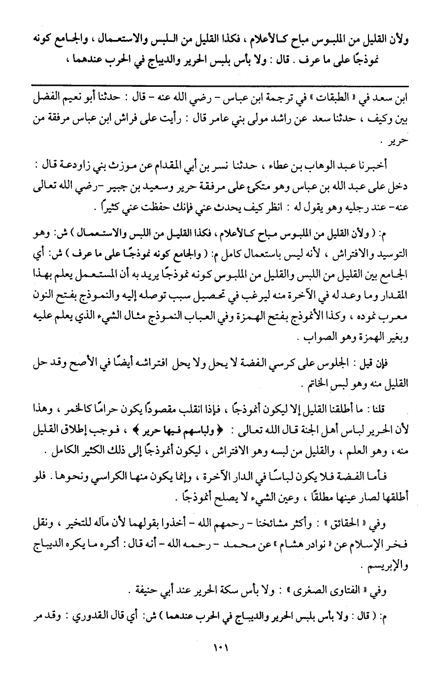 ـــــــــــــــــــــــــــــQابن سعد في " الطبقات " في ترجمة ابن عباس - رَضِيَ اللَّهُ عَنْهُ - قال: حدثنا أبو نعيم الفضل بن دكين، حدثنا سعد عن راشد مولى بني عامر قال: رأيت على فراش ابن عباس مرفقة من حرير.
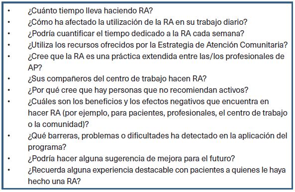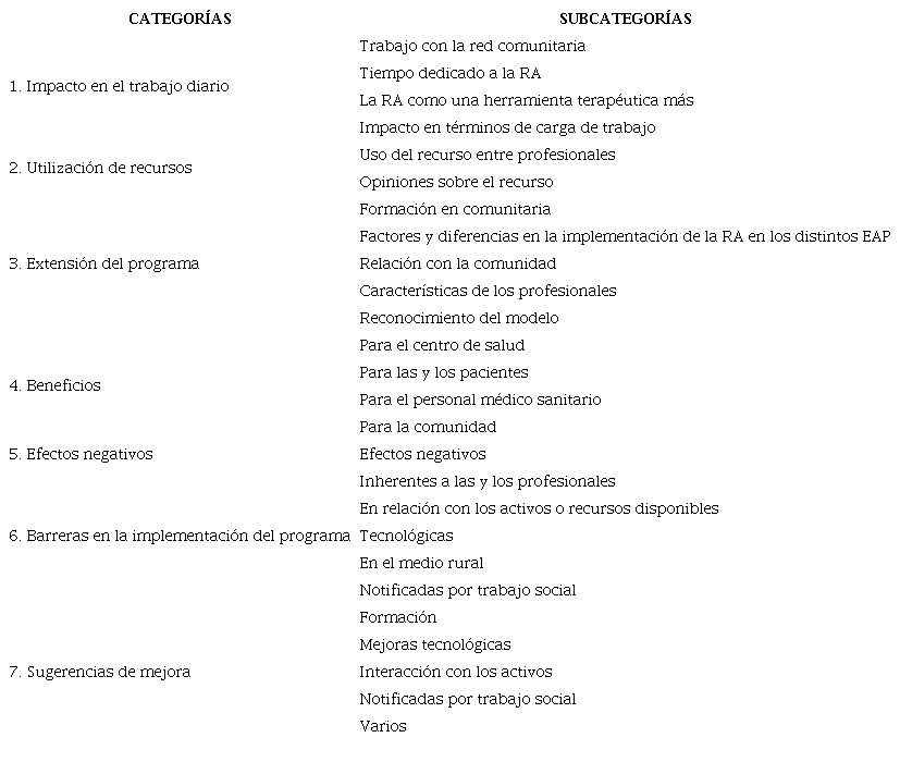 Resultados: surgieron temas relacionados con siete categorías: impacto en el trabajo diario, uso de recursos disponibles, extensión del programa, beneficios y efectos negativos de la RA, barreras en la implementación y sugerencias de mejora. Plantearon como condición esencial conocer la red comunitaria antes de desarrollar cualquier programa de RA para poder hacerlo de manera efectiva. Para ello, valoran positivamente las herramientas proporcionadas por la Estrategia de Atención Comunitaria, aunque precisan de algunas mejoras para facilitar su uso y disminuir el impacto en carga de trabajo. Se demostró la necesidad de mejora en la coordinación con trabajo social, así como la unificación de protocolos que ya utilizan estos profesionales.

---

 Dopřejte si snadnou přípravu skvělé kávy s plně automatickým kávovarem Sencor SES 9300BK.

==

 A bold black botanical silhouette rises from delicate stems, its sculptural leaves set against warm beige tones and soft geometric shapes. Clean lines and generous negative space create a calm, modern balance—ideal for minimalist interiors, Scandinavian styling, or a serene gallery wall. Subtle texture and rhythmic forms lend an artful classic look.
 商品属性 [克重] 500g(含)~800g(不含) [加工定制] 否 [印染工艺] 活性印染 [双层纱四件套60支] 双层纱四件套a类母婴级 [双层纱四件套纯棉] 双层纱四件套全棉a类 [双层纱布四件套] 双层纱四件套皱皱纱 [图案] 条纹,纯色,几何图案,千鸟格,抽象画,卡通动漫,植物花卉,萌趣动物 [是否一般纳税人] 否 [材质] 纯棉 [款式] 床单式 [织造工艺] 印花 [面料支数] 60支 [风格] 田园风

◆ **Exercise instructions**
While skipping the pictures, transcribe the data above from the line showing "ـــــــــــــــــــــــــــــQابن سعد في" through the line showing "Resultados: surgieron temas", exactly and with both ends.

◆ **Task output**
 ـــــــــــــــــــــــــــــQابن سعد في " الطبقات " في ترجمة ابن عباس - رَضِيَ اللَّهُ عَنْهُ - قال: حدثنا أبو نعيم الفضل بن دكين، حدثنا سعد عن راشد مولى بني عامر قال: رأيت على فراش ابن عباس مرفقة من حرير.
 Resultados: surgieron temas relacionados con siete categorías: impacto en el trabajo diario, uso de recursos disponibles, extensión del programa, beneficios y efectos negativos de la RA, barreras en la implementación y sugerencias de mejora. Plantearon como condición esencial conocer la red comunitaria antes de desarrollar cualquier programa de RA para poder hacerlo de manera efectiva. Para ello, valoran positivamente las herramientas proporcionadas por la Estrategia de Atención Comunitaria, aunque precisan de algunas mejoras para facilitar su uso y disminuir el impacto en carga de trabajo. Se demostró la necesidad de mejora en la coordinación con trabajo social, así como la unificación de protocolos que ya utilizan estos profesionales.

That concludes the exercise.